§ **Exercise data**
☆ ☆ ☆ ☆ ☆ ☆ ☆
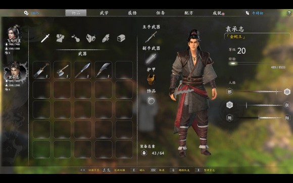 接下来做原版支线任务,一边加声望,一边加正义值。声望达到50,就可以去武当派学武当心法。主角和袁承志的内功路线都走阴。
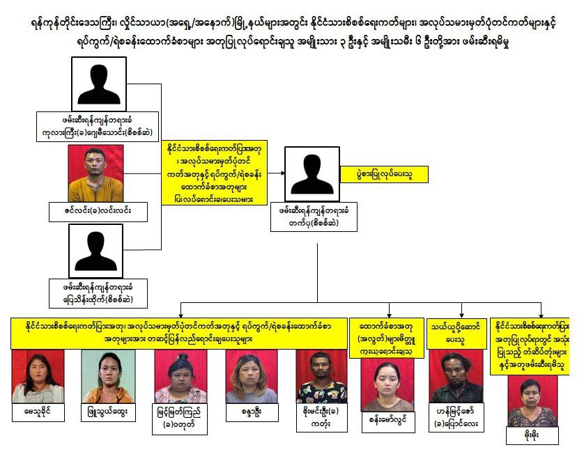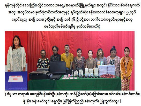 执法人员1月8日在掸邦东枝抓获一名34岁女性,涉嫌出售假身份证和套坎撒。随后,根据线索,在仰光抓获了其他8名涉案人员。
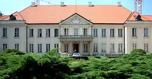 The original building that stood where the palace now stands was burned down by Swedish and Brandenburgian forces during the Swedish Deluge in the 1650s.[1] The new one was commissioned by Ernest Denhoff and construction started in 1693 under the architect Giovanni Pioli. From 1731 it belonged to August Aleksander Czartoryski.
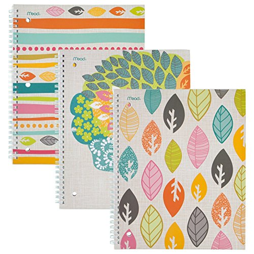 Mead Spiral Notebooks, 1 Subject, College Ruled, Assorted Botanical Boutique Designs, 3 Pack (73097)
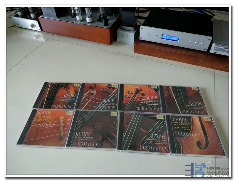 这套作品为克利夫兰乐团四重奏团所演奏,全套共8张。这套专辑的特点,以前我在微信群给朋友们讲过。国内基本找不到,前两年通过国外朋友收集到4张(其中一张估计已经被**借猪),前段时间通过出差英国朋友再去唱片店才搜罗集齐。
☆ ☆ ☆ ☆ ☆ ☆ ☆
§ **Task goal**
Repeat the listing word for word, omitting the pictures.

§ **Response to this task**
 接下来做原版支线任务,一边加声望,一边加正义值。声望达到50,就可以去武当派学武当心法。主角和袁承志的内功路线都走阴。
 执法人员1月8日在掸邦东枝抓获一名34岁女性,涉嫌出售假身份证和套坎撒。随后,根据线索,在仰光抓获了其他8名涉案人员。
 The original building that stood where the palace now stands was burned down by Swedish and Brandenburgian forces during the Swedish Deluge in the 1650s.[1] The new one was commissioned by Ernest Denhoff and construction started in 1693 under the architect Giovanni Pioli. From 1731 it belonged to August Aleksander Czartoryski.
 Mead Spiral Notebooks, 1 Subject, College Ruled, Assorted Botanical Boutique Designs, 3 Pack (73097)
 这套作品为克利夫兰乐团四重奏团所演奏,全套共8张。这套专辑的特点,以前我在微信群给朋友们讲过。国内基本找不到,前两年通过国外朋友收集到4张(其中一张估计已经被**借猪),前段时间通过出差英国朋友再去唱片店才搜罗集齐。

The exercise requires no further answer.